- [Records supplied]

* * * *

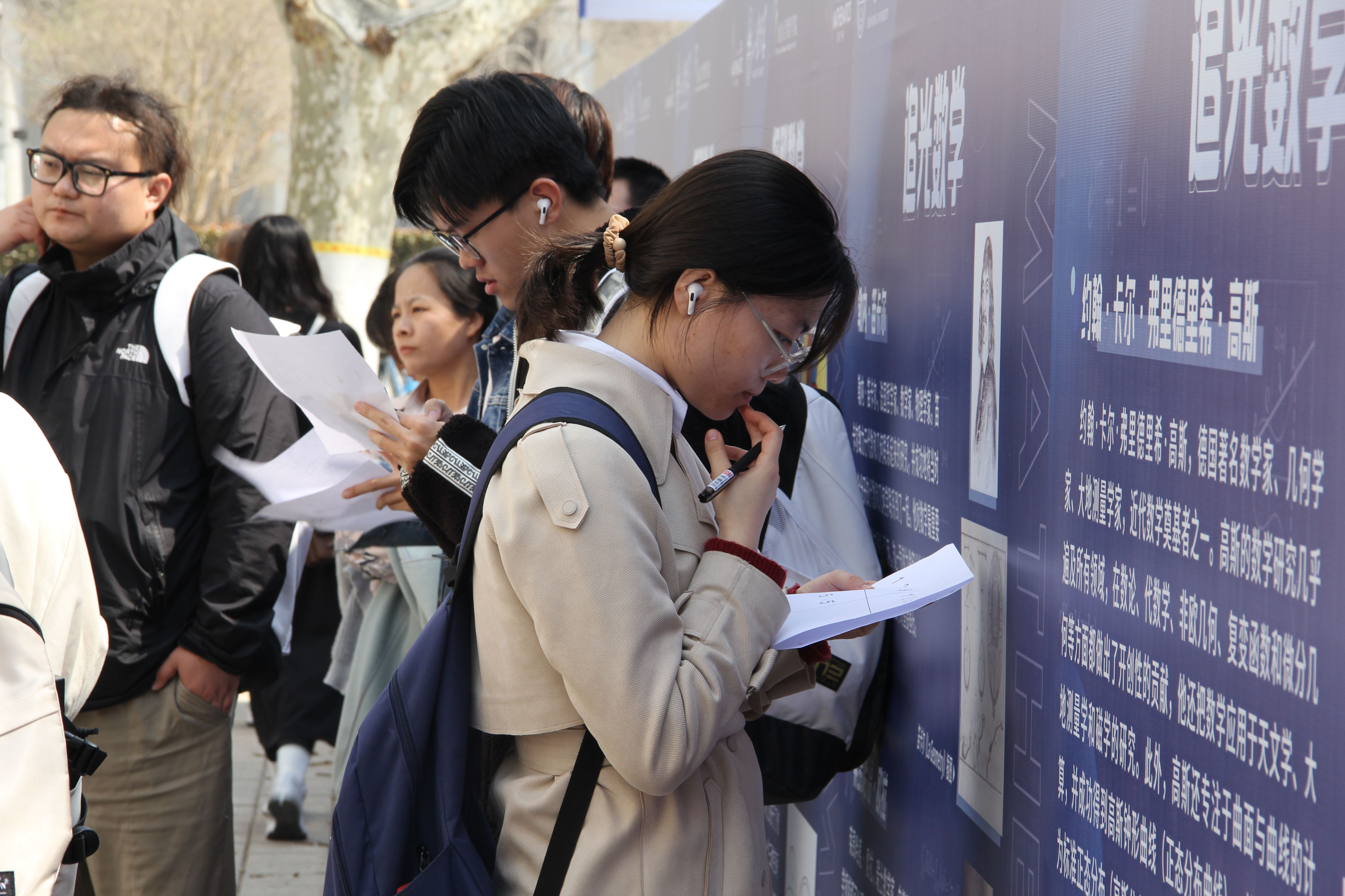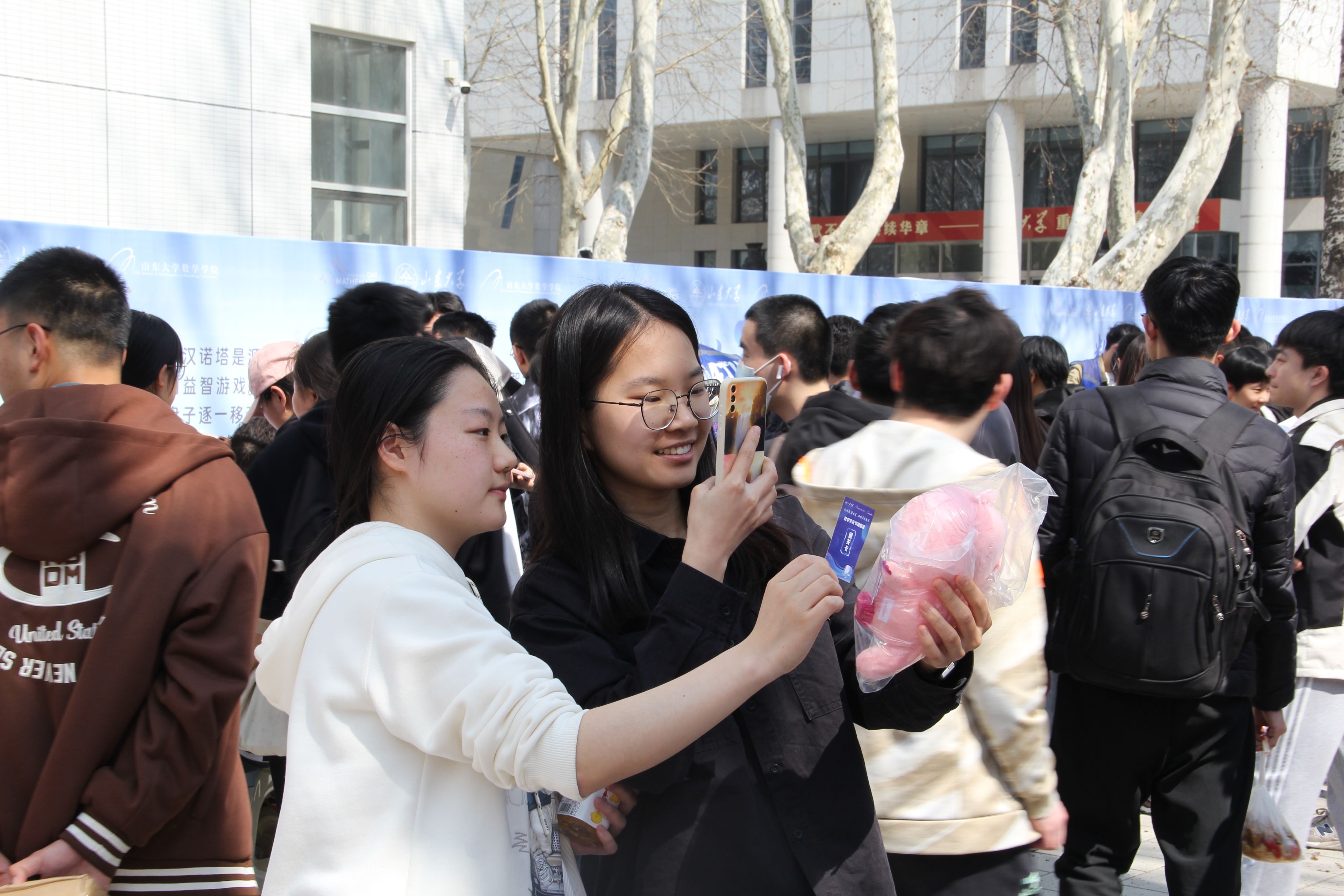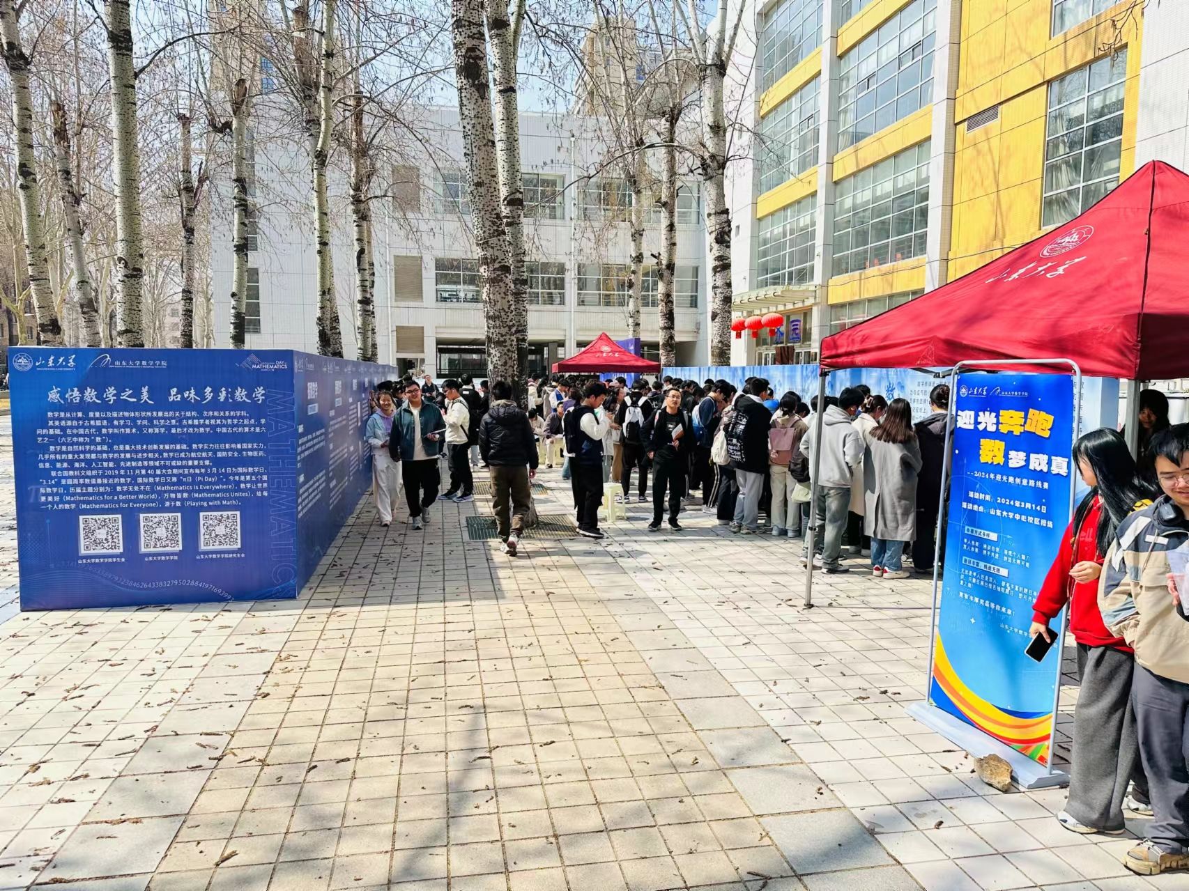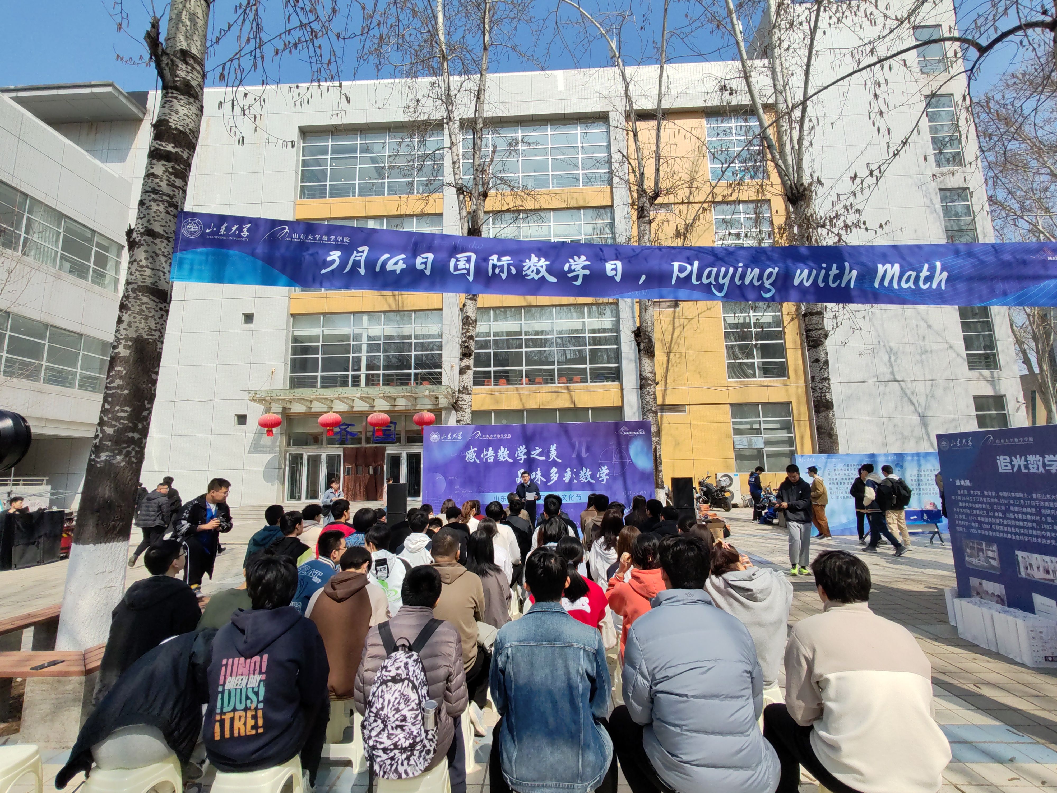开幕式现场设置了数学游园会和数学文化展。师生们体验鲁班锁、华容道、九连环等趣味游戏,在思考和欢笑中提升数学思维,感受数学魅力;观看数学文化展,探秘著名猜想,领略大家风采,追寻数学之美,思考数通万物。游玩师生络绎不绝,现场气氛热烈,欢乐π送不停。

* * * *

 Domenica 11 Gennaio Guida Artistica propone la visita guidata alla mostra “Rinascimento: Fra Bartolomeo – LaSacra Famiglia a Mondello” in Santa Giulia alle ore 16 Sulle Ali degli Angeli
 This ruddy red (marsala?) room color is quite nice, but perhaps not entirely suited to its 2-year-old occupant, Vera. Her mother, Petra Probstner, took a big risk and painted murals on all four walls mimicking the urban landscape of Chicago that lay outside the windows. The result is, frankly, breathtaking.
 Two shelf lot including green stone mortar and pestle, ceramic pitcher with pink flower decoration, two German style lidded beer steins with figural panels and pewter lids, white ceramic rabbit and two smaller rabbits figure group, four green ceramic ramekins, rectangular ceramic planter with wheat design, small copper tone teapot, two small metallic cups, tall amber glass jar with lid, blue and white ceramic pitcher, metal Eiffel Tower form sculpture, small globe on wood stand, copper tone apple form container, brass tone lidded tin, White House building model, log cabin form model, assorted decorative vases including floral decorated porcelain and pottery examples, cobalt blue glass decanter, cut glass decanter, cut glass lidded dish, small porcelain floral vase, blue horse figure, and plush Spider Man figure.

* * * *

- [How to complete this task] Which lines above run from the one containing "Domenica 11 Gennaio" to the one containing "This ruddy red"? Give them again exactly, both ends included.

- [Answer area]
 Domenica 11 Gennaio Guida Artistica propone la visita guidata alla mostra “Rinascimento: Fra Bartolomeo – LaSacra Famiglia a Mondello” in Santa Giulia alle ore 16 Sulle Ali degli Angeli
 This ruddy red (marsala?) room color is quite nice, but perhaps not entirely suited to its 2-year-old occupant, Vera. Her mother, Petra Probstner, took a big risk and painted murals on all four walls mimicking the urban landscape of Chicago that lay outside the windows. The result is, frankly, breathtaking.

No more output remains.